Oleh sebab itu, tindakan bidan mengarahkan mulut bayi ke dekat puting susu ibu dengan alasan bahwa bayi akan berhasil menemukan puting
susu ibunya apabila mulut bayi diarahkan dekat dengan puting susu ibunya tersebut dapat dikatakan kurang tepat.
Selanjutnya, berdasarkan hasil penelitian, setelah bayi ditengkurapkan di dada ibunya, bidan meminta bantuan pendamping persalinan untuk
memberikan bantal di bawah kepala ibu bersalin agar mempermudah kontak visual antara ibu dan bayinya. Selain itu, menurut bidan, keberadaan
pendamping persalinan akan memberikan semangat kepada ibu bersalin dan membantu bidan melengkapi kebutuhan ibu bersalin.
Menurut Hodnett 1997 dalam Sukmawati 2012, kehadiran pendamping persalinan akan memberikan dukungan emosional berupa rasa
aman, semangat dan membesarkan hati ibu yang menghadapi persalinan. Sesuai dengan pendapat Hodnett 1997, menurut Hemilton 1994 dalam
Sukmawati 2012, ketenangan hati ibu merupakan hal yang penting dalam menghadapi persalinan. Suami atau keluarga diharapkan dapat mendukung
dan memotivasi istri untuk menjaga agar persalinan berjalan lancar dan selamat.

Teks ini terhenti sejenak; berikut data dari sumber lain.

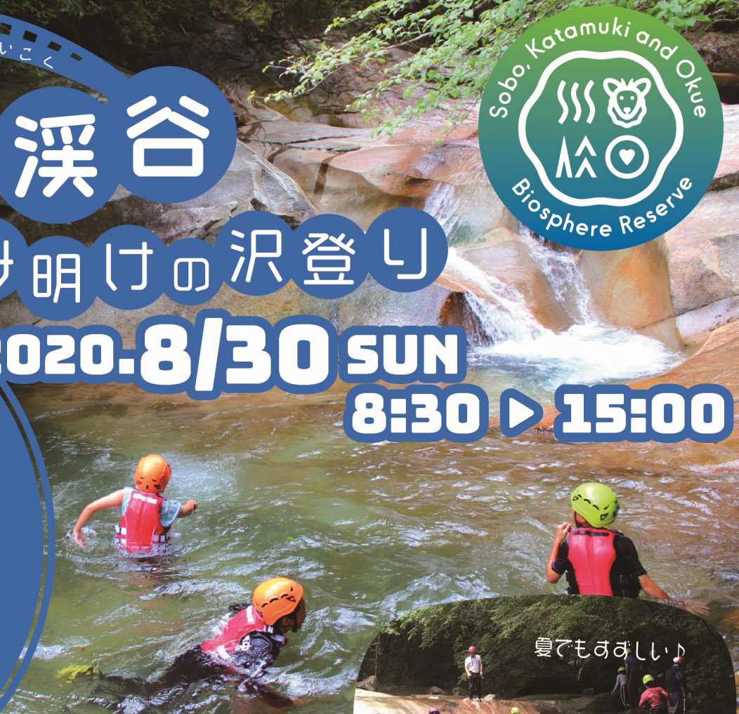
天然のウォータースライダーや 飛び込みスポットで楽しめます♪
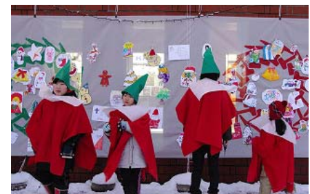
プレオープンイベント
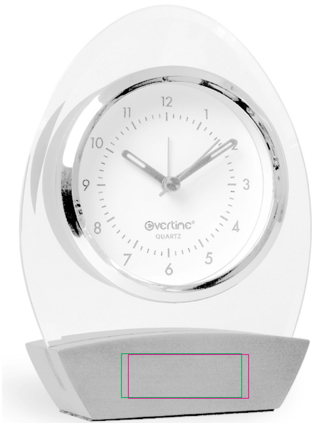
55 x 20 mm Tampographie / Padprinting / Tampografia / Tampografía
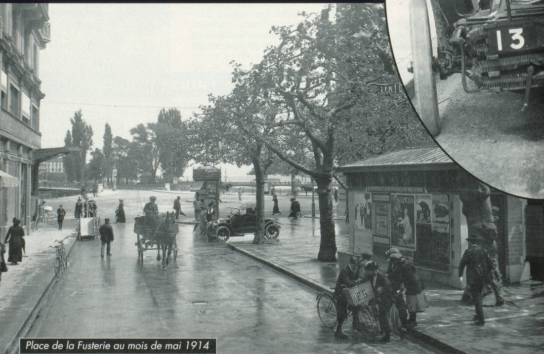
Place de la Fusterie au mois de mai 1914
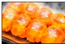
東日本餃子王 丸満 「丸満餃子」
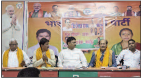
मंचासीन भाजपा नेता।

Selain itu, menurut Cohen 1991 dalam Sukmawati 2012, bahwa dukungan suami saat persalinan sangat berharga. Ibu bersalin lebih
menginginkan tindakan suportif dari suaminya dibandingkan dari petugas profesional. Sebagai pendamping persalinan, suami dapat membantu para
istri saat terjadi kontraksi, melatih bernapas serta mengkomunikasikan keinginannya kepada petugas kesehatan.

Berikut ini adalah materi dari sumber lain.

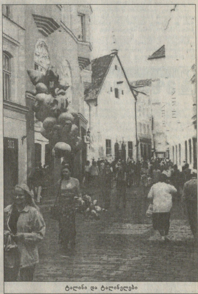
ტალინი და ტალინელები

მეც მაქვს პატარა საცხოვრობი. ამით ვარჩნით გუნდს. ცოტა გვიჭირს, მაგრამ საქმეს ხელს არ გაუშვებთ. პო, საშაკ გვიდგას გვერდში. მასაც აქვს პატარა ბიზნესი. ესტონეთმა, მოგეხსენებათ, ერთ-ერთმა პირველმა დააღწია თავი დიდ მძურ ოჯახს, სსრკ რომ ერქვა. დააღწია და ამით ახლა მხოლოდ სიკეთეს იმკის. პო, ბატონო, ჩვენ რომ ყველაფერი საქართველოდან გავზიდეთ, მაშინ ესტონელები პირიქით მოიქცნენ, საკუთარიც შეინარჩუნეს და სხვისგანაც გამოიღრდნენ. გენბათ, ფერად ლითონებთან დაკავშირებული ამბები გაისხენით. ტალინში ადრეც გახლდით და ამის თქმა თამამად შემიძლია — შენდება და მშენდება ძველთაძველი დედაქალაქი. ცხოვრების დონეს იკითხავთ, ალბათ. ეკონომისტი არ გახლავართ, მაგრამ უბრალოდ არითმეტიკას მოვიშველიებ. მინიმალური ხელფასი აქ 2500 კრონი ყოფილა, რაც დაახლოებით 180 ამერიკულ დოლარს უტოლდება, მინიმალური პენსია 1400 დაუგვიანებელი კრონია (დოლარებში თავად გადაიყვანეთ), კვების პროდუქტებისა და პირველადი მოხმარების საგნებზე ფასები დაახლოებით ისეთივეა, როგორც ჩვენთან. უმუშევრები და მუქთამჭამლები, როგორც ყველგან, აქაც მოიძებნებიან. ოღონდ ნუ შეადარებთ... იუსტ კაცობაში ქუთაისი — ტალინი — ქუთაისი
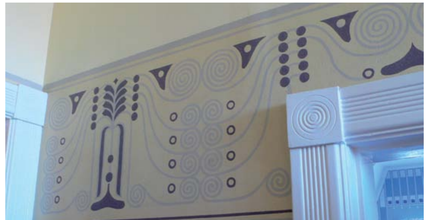
Pure Jugendstil motifs decorate the bathroom wall / Motius del més pur Jugendstil en la decoració mural de la cambra de bany
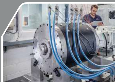
大口径ドライガスリグ
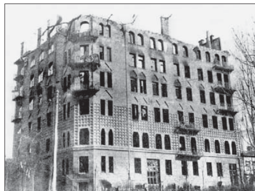
Прибутковий будинок Грушевських на вулиці Паньківській, знищений артилерією Михайла Муравйова.

Облога Києва більшовицькими військами мала особисто для Грушевського трагічні наслідки. Муравйов видав наказ, в якому вказувалося: «Немилосердно винищувати всіх ворогів революції». Це була помста за вбивство гайдамаками відомого більшовика Леоніда Пятакова. До «ворогів революції» потрапив і фамільний будинок Грушевських на Паньківській вулиці. Його розстріляли запальними снарядами. Очевидець трагедії Грушевських К. Бельговський писав, що від будинку «к утру 26 января
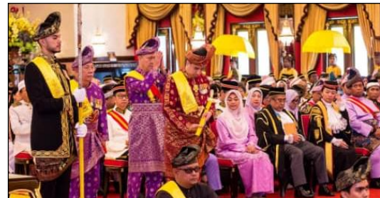
Gambar 5 : Mengadap setelah sempurna adat menyorok, persalinan kehormatan keris kebesaran.
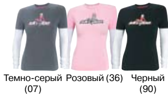
Темно-серый (07) Розовый (36) Черный (90)

Размеры: S, M, L, XL, 2XL 453297 Темно-серый (07), Розовый (36), Черный (90)
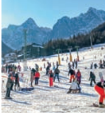
Na naslovnici: Smučanje v Kranjski Gori

ZGORNJESAV'c, ISSN 1580-7991 Ustanovitelj glasila: Občina Kranjska Gora, Kolodvorska 1b, 4280 Kranjska Gora
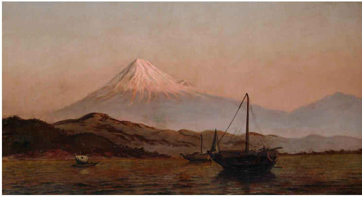
1. 五姓田義松《清水の富士》1880年頃
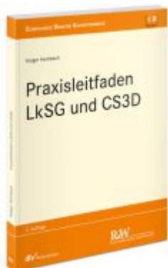
Praxisleitfaden LkSG und CS3D Ladenpreis: 91,50EUR

Wir haben andere Produkte gefunden, die Ihnen gefallen könnten!

Oleh sebab itu, memang tepat pendapat bidan yang menyatakan bahwa keberadaan pendamping persalinan dapat memberikan semangat kepada
ibu bersalin. Selain itu, keberadaan pendamping persalinan juga dapat melancarkan proses pelaksanaan IMD dengan cara mengawasi kondisi ibu
dan bayi saat kontak kulit antara ibu dan bayi berlangsung. Selanjutnya, berdasarkan hasil penelitian diketahui bahwa saat bayi
berada di dada ibunya, bidan juga meminta ibu untuk memeluk bayinya. Menurut bidan, memeluk bayi saat berada di dada ibunya dilakukan agar
ibu dan bayi sama-sama merasa nyaman. Kemudian, bidan memberikan kesempatan pada bayi untuk
melakukan kontak kulit dengan ibunya yang berlangsung sampai plasenta lahir sempurna. Setelah plasenta lahir, bidan mengangkat bayi
dari ibunya karena bidan akan melakukan penjahitan perineum. Hasil penelitian menunjukkan bahwa dari semua proses persalinan yang
diobservasi, proses lahirnya plasenta tidak ada yang lebih dari 30 menit. Sehingga, kontak kulit antara ibu dan bayi juga tidak ada yang
berlangsung lebih dari 30 menit. Bidan menganggap waktu yang diberikan bagi bayi untuk melakukan
kontak kulit dengan ibunya selama minimal satu jam terlalu lama. Selain itu, bidan juga harus melakukan penjahitan perineum. Sehingga,
dikhawatirkan ibu akan merasa tidak nyaman jika harus dilanjutkan melaksanakan IMD.